■ To do: Restate every line below word for word, but drop each picture.

(Data extracted from a collection)

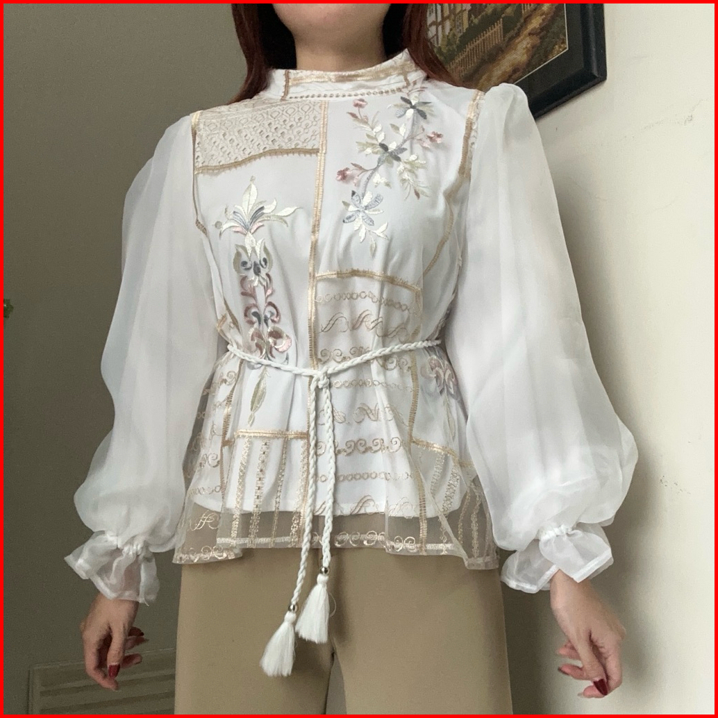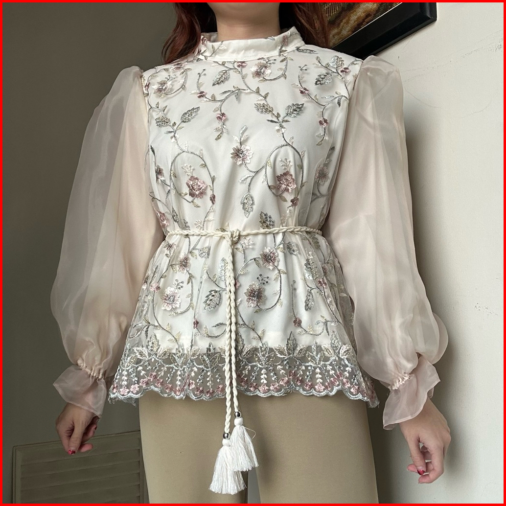 Salsa Bkk Top Atasan Blouse Kemeja Wanita Organza Bordir Renda Katun Viral Korean Style By Biel The Label
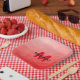 Assiettes En Carton Red gradient geometric mesh pattern Monogram
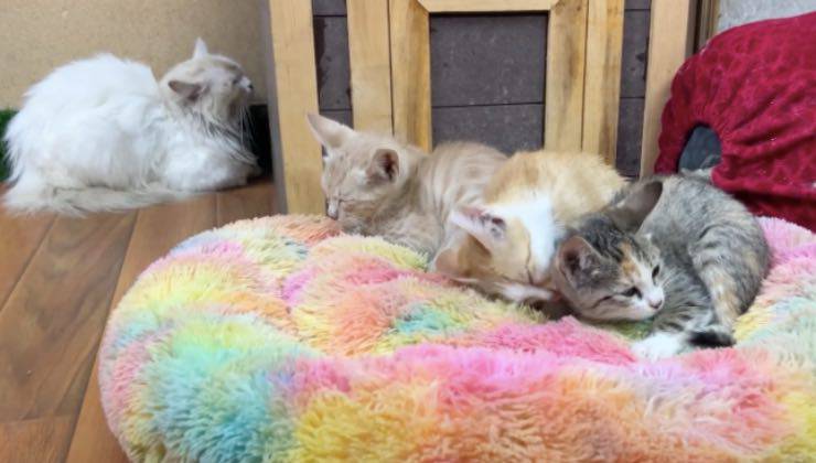 Se è vero che il comportamento dei gatti adulti è diverso dai cuccioli, è altrettanto vero che i gattini – una volta raggiunta la loro nuova casa provvisoria – hanno presto istaurato un bellissimo feeling con la gatta Ruby. L’adulto felino dal manto bianco ha accolto i micetti come se fossero i suoi cuccioli divenendo ben presto la loro mamma adottiva.
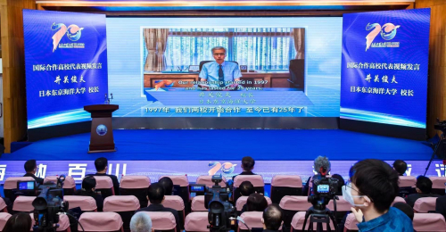 井关俊夫在致辞中表示,东京海洋大学已与大连海洋大学建交25年,25年来两校友情历久弥新,合作交流日益广泛,其中两校合作的“JCK”项目不仅促进了学术交流,更提升了东亚海洋专业人才的培养质量,衷心祝愿大连海洋大学再接再厉,再创辉煌。Megan Gibbons(梅根•吉布斯)在致辞中表示,新西兰奥塔哥理工学院与大连海洋大学在合作办学方面非常融洽,学生交流学习收获颇丰,衷心希望两校能够友谊长存,并向大连海洋大学建校70周年表示祝贺。Jan Young-Soo(张瑛秀)在致辞中表示,韩国釜庆大学与大连海洋大学已有22年的交流历史,两校友谊源远流长,在提升办学水平方面互相合作,互相鼓励,祝愿大连海洋大学日新月异,蒸蒸日上。
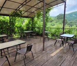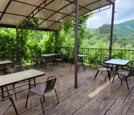 Через дорогу горная речка и горы.
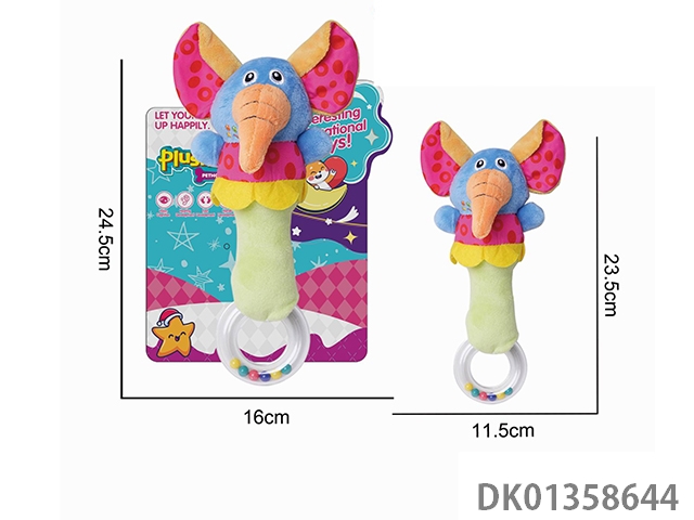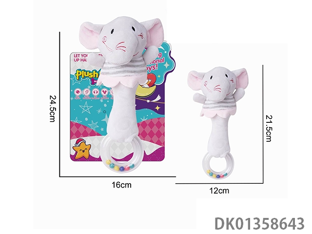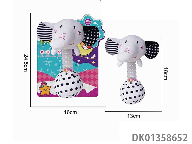 Plush black and white elephant holding a rocking bb stick baby comfort toy

■ Written solution:
 Salsa Bkk Top Atasan Blouse Kemeja Wanita Organza Bordir Renda Katun Viral Korean Style By Biel The Label
 Assiettes En Carton Red gradient geometric mesh pattern Monogram
 Se è vero che il comportamento dei gatti adulti è diverso dai cuccioli, è altrettanto vero che i gattini – una volta raggiunta la loro nuova casa provvisoria – hanno presto istaurato un bellissimo feeling con la gatta Ruby. L’adulto felino dal manto bianco ha accolto i micetti come se fossero i suoi cuccioli divenendo ben presto la loro mamma adottiva.
 井关俊夫在致辞中表示,东京海洋大学已与大连海洋大学建交25年,25年来两校友情历久弥新,合作交流日益广泛,其中两校合作的“JCK”项目不仅促进了学术交流,更提升了东亚海洋专业人才的培养质量,衷心祝愿大连海洋大学再接再厉,再创辉煌。Megan Gibbons(梅根•吉布斯)在致辞中表示,新西兰奥塔哥理工学院与大连海洋大学在合作办学方面非常融洽,学生交流学习收获颇丰,衷心希望两校能够友谊长存,并向大连海洋大学建校70周年表示祝贺。Jan Young-Soo(张瑛秀)在致辞中表示,韩国釜庆大学与大连海洋大学已有22年的交流历史,两校友谊源远流长,在提升办学水平方面互相合作,互相鼓励,祝愿大连海洋大学日新月异,蒸蒸日上。
 Через дорогу горная речка и горы.
 Plush black and white elephant holding a rocking bb stick baby comfort toy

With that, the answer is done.